Researchers found that symptoms usually appear after puberty and before age 50. Eight of the 31 patients who died before diagnosis had shown signs of the disease when alive, including five who had passed out, suggesting they could have been treated and saved, the researchers say.

"Our results are a sobering reminder that if a young person faints, especially in association with exercise, their physicians should evaluate them carefully for cardiac diseases, including ARVD," says study lead author Darshan Dalal, M.D., M.P.H., a cardiology research fellow at Hopkins.

Diagnosis of ARVD is based on a four-point scale, and up to 10 cardiac tests are required to confirm a diagnosis.

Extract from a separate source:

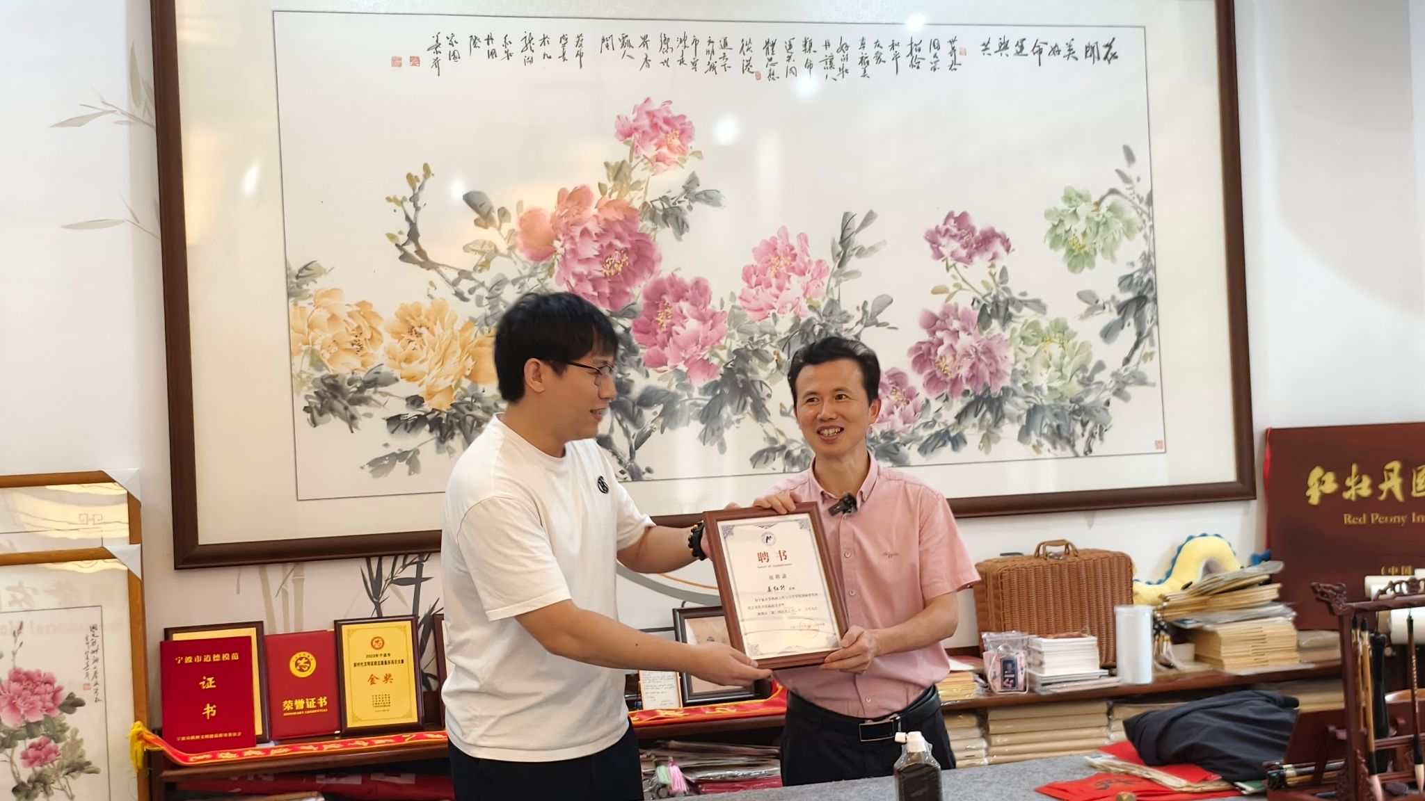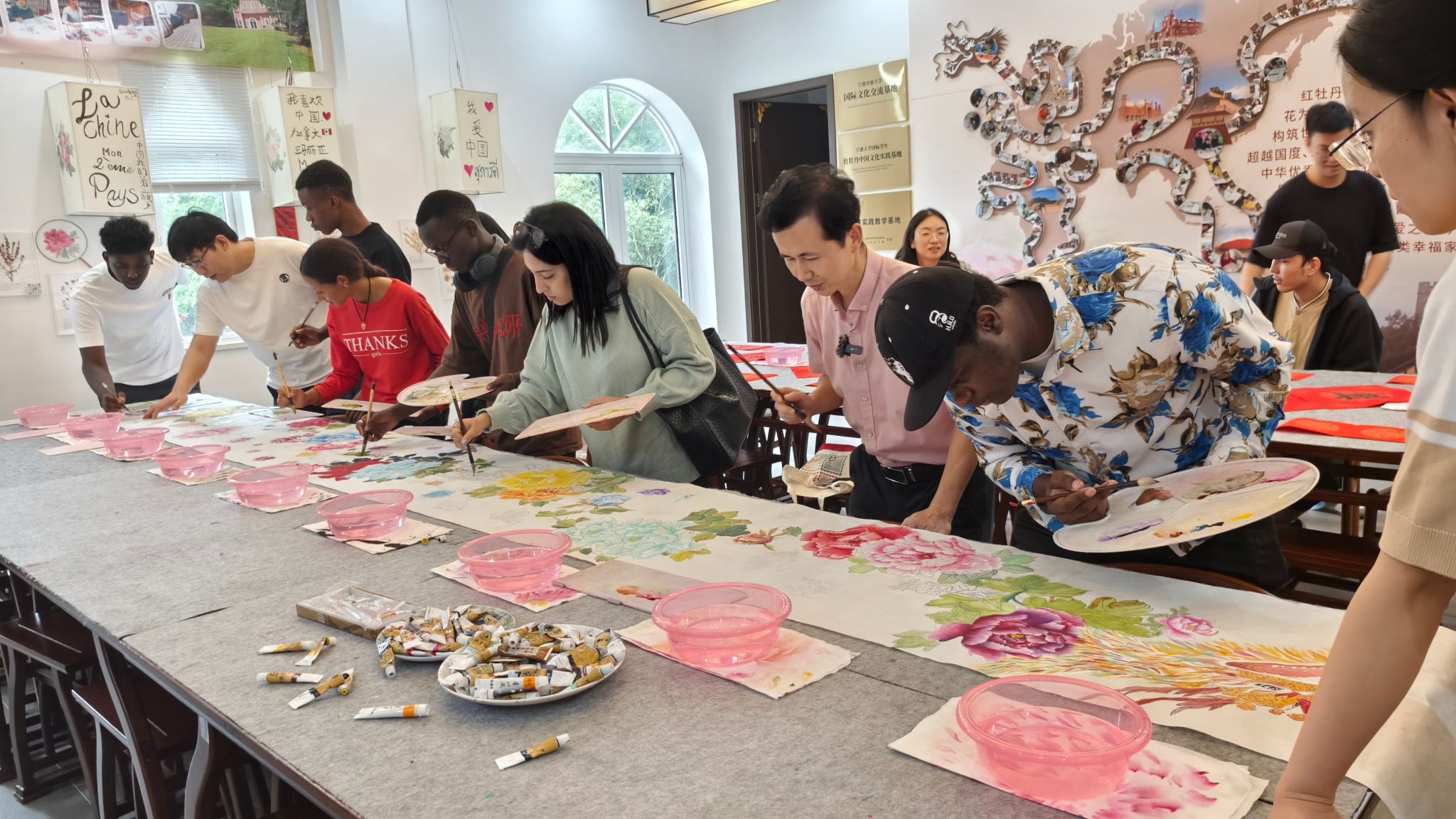 宁波红牡丹书画国际交流社创始人、宁波开放大学红牡丹学院院长姜红升用英语授课,在绘画牡丹的示范过程中,姜老师声情并茂,生动地讲解了牡丹的线条、墨色和构图,让学生们领略到中国传统艺术的精妙。他还鼓励学生们亲手实践,用心感受笔触与色彩的交融,共绘75朵牡丹画卷。在之后的书法体验活动中,每一位学生都认真地在宣纸上书写自己的作品,使出“浑身解数”,一撇一捺,体会汉字的结构之美。在姜老师的细心指导下,“神州盛世”、“国庆快乐”跃然纸上。

Electrocardiograms, or EKGs, and echocardiograms are performed to verify the origins of arrhythmia, and MRI tests - backed up by tissue biopsy - are done to confirm the buildup of fat and fibrous tissue in the right ventricle.

According to Calkins, who founded Hopkins' ARVD registry in 1998 and is also director of its arrhythmia programs, these confirmatory tests are important because the illness is often misdiagnosed if physicians rely on a single diagnostic test, such as MRI.

His earlier research, in 2004, showed that more than half of patients are misdiagnosed, with physicians correctly diagnosing only 27 percent of true cases of ARVD.

In the new study, of the 47 patients who were diagnosed early and implanted with defibrillators that shock the heart to correct irregular rhythms, only one died of cardiac arrest, when the heart suddenly stops functioning from a runaway heartbeat.Twenty-nine of the patients' defibrillators "fired" within two years. This was, says Dalal "the good news that most patients do quite well if protected by a defibrillator."

Of 22 patients without defibrillators and maintained on drug therapy alone, two died of cardiac arrest, in addition to the 31 who died before diagnosis.

While the exact cause of ARVD remains unknown, the scientists believe it to be an inherited syndrome and that improved awareness and better diagnosis are steps toward their goal of developing a screening test for those at risk.
Funding for this study was provided by the Bogle Foundation, the Campanella family, the Wilmerding Endowments, the National Institutes of Health and the Donald W. Reynolds Foundation. Calkins receives research support from device manufacturers Guidant, Medtronic and St. Jude. The terms of these arrangements are being managed by The Johns Hopkins University in accordance with its conflict of interest policies.

Besides Calkins and Dalal, other researchers involved in this study, conducted solely at Hopkins, were Khurram Nasir, M.D., M.P.H.; Chandra Bomma, M.D.; Kalpana Prakasa, M.D.; Harikrishna Tandri, M.D.; Jonathan Piccini, M.D.; Ariel Roguin, M.D.; Crystal Tichnell, M.G.C; Cynthia James, Ph.D., Sc.M.; Stuart Russell, M.D.; Daniel Judge, M.D.; Theodore Abraham, M.D.; Philip Spevak, M.D.; and David Bluemke, M.D., Ph.D.